【ISO質問箱】(ISO14001)「著しい環境側面」って結局どういうこと?

ISOのマネジメントシステム規格を理解するのが難しい理由の一つに、その独特の言葉遣いがありますが、ISO14001の「著しい環境側面」はそのようなISO独特の言い回しの最たる例でしょう。1996年に発行された初版のISO14001以来使われてきたこの言葉は結局どのような意味なのでしょうか?

「環境側面」は環境に影響を与える「原因」

「著しい環境側面」とは英語の”significant environmental aspects”の直訳です。そこでまず、”environmental aspects”(「環境側面」)の意味について見てみましょう。

これはISO14001規格で以下のように定義されています。

「環境と相互に作用する、又は相互に作用する可能性のある、組織の活動又は製品又はサービスの要素」(ISO14001:2015, 3.2.2)

また、似たような言葉に「環境影響(”environmental impact”)」という言葉がありますが、これは以下のように定義されています。

「有害か有益かを問わず、全体的に又は部分的に組織の環境側面から生じる、環境に対する変化」(ISO14001:2015, 3.2.4)

ここから分かるように、環境側面と環境影響は「原因と結果」の関係にあると言えます。例えば以下のような関係です。

<環境側面(原因)>      <環境影響(結果)>

排水の排出(によって)  →  水質汚濁(が起こる)

排ガスの排出(によって) →  大気汚染(が起こる)

原材料の使用(によって) →  資源の枯渇(が起こる)

ISO14001:2015の6.2.1で「環境側面」について規定されていますが、そこではまず環境側面を特定することが要求されています。これは組織の活動や製品・サービスに、環境に対して影響を与えるような要素があるかを洗い出してください、ということです。

「著しい環境側面」は環境側面の中でより「大きな影響」を与えるもの

それでは「著しい環境側面」とは何でしょうか。

「著しい(”significant”)」という言葉を辞書で引くと、以下のような意味が書かれています。

「影響を与えたり気づかれたりするのに十分大きく、又は重要である」(Oxford Advanced Learner’s Dictionary)

つまり、「著しい環境側面」とは「重要な環境側面」「重大な環境側面」といった意味です。

どんな組織にも、様々な「環境側面」(環境に対して影響を与える要素)があります。しかし、全てが同じような重要性、重大性を持っているわけではありません。そして、組織には無限に資源があるわけではありません。従って、その限られた資源をより効果的に活用し、最大限の結果を得るため、組織は環境により大きな影響を持つ環境側面に対して優先的に対処していくべきです。

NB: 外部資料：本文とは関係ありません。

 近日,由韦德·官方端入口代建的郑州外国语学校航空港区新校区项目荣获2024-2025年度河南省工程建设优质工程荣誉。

だからこそ、特定した数ある「環境側面」の中から、より大きな影響を持つ「重大な環境側面」(著しい環境側面)を絞り込むのです。

ISO14001:2015の6.1.2で、「環境側面」を特定した後に、その中から「著しい環境側面」を特定することが求められているのもそのためです。

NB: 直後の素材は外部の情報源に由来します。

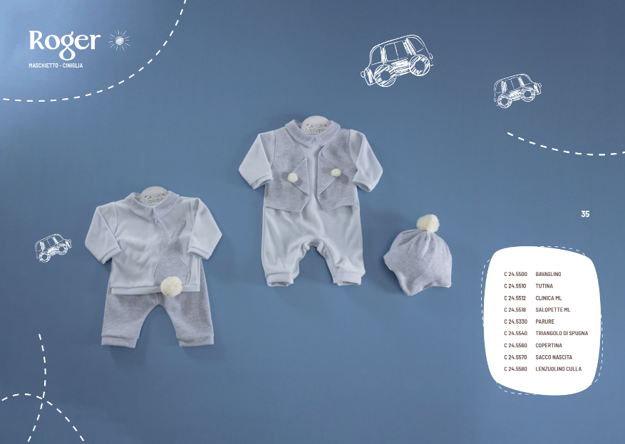 | VARIANTE | Bavetta, Cappellino+Scarpette, Copertina, Lenzuolino, Salopette, Tutina, Tutina due pezzi |

(ISO14001:2015の「6.1.2 環境側面」の要求事項については、以下の関連ブログもご覧ください↓)

https://j-vac.co.jp/14001_lecture_6-1-2-1/

≫【ISO14001規格解説】のビデオの「6 計画」の中でも「6.1.2 環境側面」の要求事項を解説していますので、ぜひご覧ください(1,000円で1ヶ月間お試しレンタルいただけます)。

【ISO14001規格解説】ビデオはこちら

明確な基準に基づいて「著しい環境側面」を絞り込む

但し、このとき闇雲に「著しい環境側面」を決めれば良いわけではありません。重要なことは、「著しい環境側面」を絞り込む際の明確な「基準」を持つことであり、それによって論理的に一貫した形で「著しい環境側面」が特定できることです。明確な基準がないと、「気分」で決めてしまうことになり、そうすると決める人によって何が「著しい環境側面」かが変わってきてしまう、ということが起こってしまいます。

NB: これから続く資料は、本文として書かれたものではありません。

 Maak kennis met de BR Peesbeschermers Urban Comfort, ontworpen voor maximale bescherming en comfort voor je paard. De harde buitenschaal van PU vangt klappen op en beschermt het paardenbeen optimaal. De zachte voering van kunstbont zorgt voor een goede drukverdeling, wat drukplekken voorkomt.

「著しい環境側面」は、組織の環境活動の出発点とも言える重要な要素です。これを間違ってしまうと、環境にとってあまり効果のない、意味のないことに重要な資源を浪費してしまう、という無駄なことが起こりかねません。そのようなことのないよう、論理的で明確な基準に基づいて、意味のある「著しい環境側面」を特定できるようにしましょう。

まとめ

「環境側面」は環境に影響を与える原因となる要素であり、「著しい環境側面」はその中でもより重要なもの。「環境側面」の中から、論理的で明確な基準に基づいて適切な「著しい環境側面」を特定することが、効果的な環境活動を実施していく上で不可欠。